Historically, dbForge line development was divided among 4 teams. Each team had its own functionality to work on, though the borderline was not always clear and obvious. Our technical support team, relying on their experience, read the stack and assigned it to this or that team. They managed it quite well, yet, in some cases, mistakes still occurred. The information on errors from analytics came to Jira on its own, but the support team still needed to classify tasks by teams.
In the meantime, Microsoft introduced a new library – ML.NET. And we still had this classification task, whose parameters we could not formulate on our own. A library of that kind was exactly what we needed. It extracted stacks of all resolved exceptions from Redmine, a project management system that we used earlier, and Jira, which we use at present. We obtained a data array that contained some 5 thousand pairs of Exception StackTrace and command. We put 100 exceptions aside and used the rest of the exceptions to teach a model. The accuracy was about 75%; again we had 4 teams, hence, random and round-robin would only attain 25%. It was a bit worse than what our support team managed to achieve, but it sufficiently saved up their time.
To my way of thinking, if we considerably clean up incoming data array, make a thorough examination of the ML.NET library, and theoretical foundation in machine learning on the whole, then we can improve these results. At the same time, I was impressed with the simplicity of this library: with no special knowledge in AI and ML, we managed to gain real cost-benefits in less than an hour.
I believe that everyone who read as far as the end of the final article found something interesting and/or useful.
Hopefully, some of the readers happen to be users of the products I describe in this article, and some lines shed light on the reasons why this or that functional was implemented this way.
I am writing these lines before even the first article in the series is published, so I am still unaware, but pretty sure I have found many helpful and noteworthy comments.
And now, let me draw the conclusions:
We should make decisions based on data and not assumptions. I wrote about this in the previous article using the example of optimization. In that case, data can be retrieved from memory and performance profilers. This article is about behavior analytics and insights that we can obtain from it.
Collecting and further analyzing the dataset of exceptions allows us to determine a list of problematic modules.
We ought to constantly invest in tools. There is nothing wrong if we need to develop something for it. In the next few months, it will save us a lot of time and rid us of routine. Routine on top of time expenditure can be very demotivating.

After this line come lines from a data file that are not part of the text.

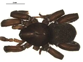 Тело овальное длиной 3-12 мм. Боковые глаза, обычно, крупнее средних. Нижняя губа длиннее своей ширины, на конце закруглена[1]. Желобок хелицер с зазубренным килем по заднему краю. На теле нет перистых волосков[3]. Низ головогруди от светло-оранжевого до светло-коричневого цвета. Ноги с многочисленными шипами и длинными щетинками. Лапки с двумя зубчатыми коготками. Брюшко темно-оранжевое до коричневого цвета. У самцов спереди на брюшке имеется передний темный блестящий щиток[1].
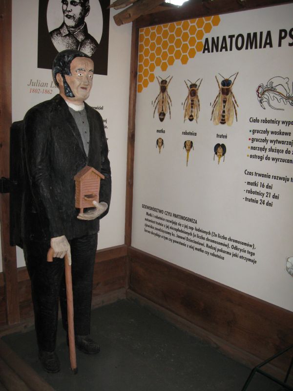 Ul figuralny przedstawiający Juliana Lubienieckiego w Skansenie i Muzeum Pszczelarstwa w Swarzędzu. Ul polichromowany z jednego kawałka drewna.
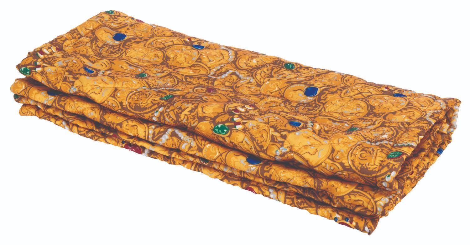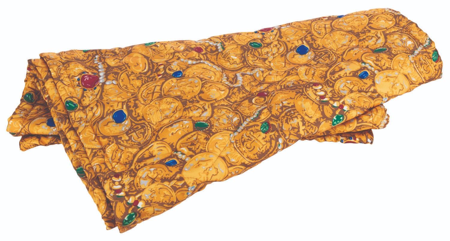 (Disney’s Caribbean Beach Resort, 2009-2022) A bed runner featuring doubloons and jewels from the Pirate Rooms at Disney’s Caribbean Beach Resort. Measuring 21” x 76”, the bed runner is in very good condition with light wear from Resort use.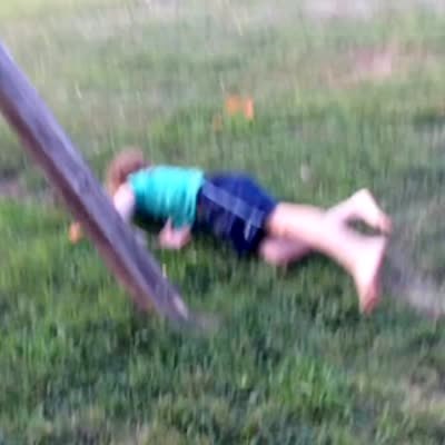 A woman rides down a toy rollercoaster track and falls forward on her face in a yard.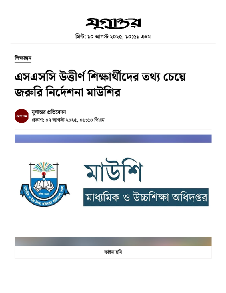 এসএসসি উত্তীর্ণ শিক্ষার্থীদের তথ্য চেয়ে জরুরি নির্দেশনা মাউশির.pdf Published on 07 August 2025 Newspaper দৈনিক যুগান্তর Category Educational Ministry / Departments Download

When we develop some internal tools, we get a super chance to try out new technologies, which can be applied in production solutions later on.
There are infinitely many tools for data analysis, still, we managed to extract some really important information using SQL tools. This is the most powerful tool to formulate a question to data and receive an answer in a structured form.
I want to give thanks to everyone who read and helped me create this article!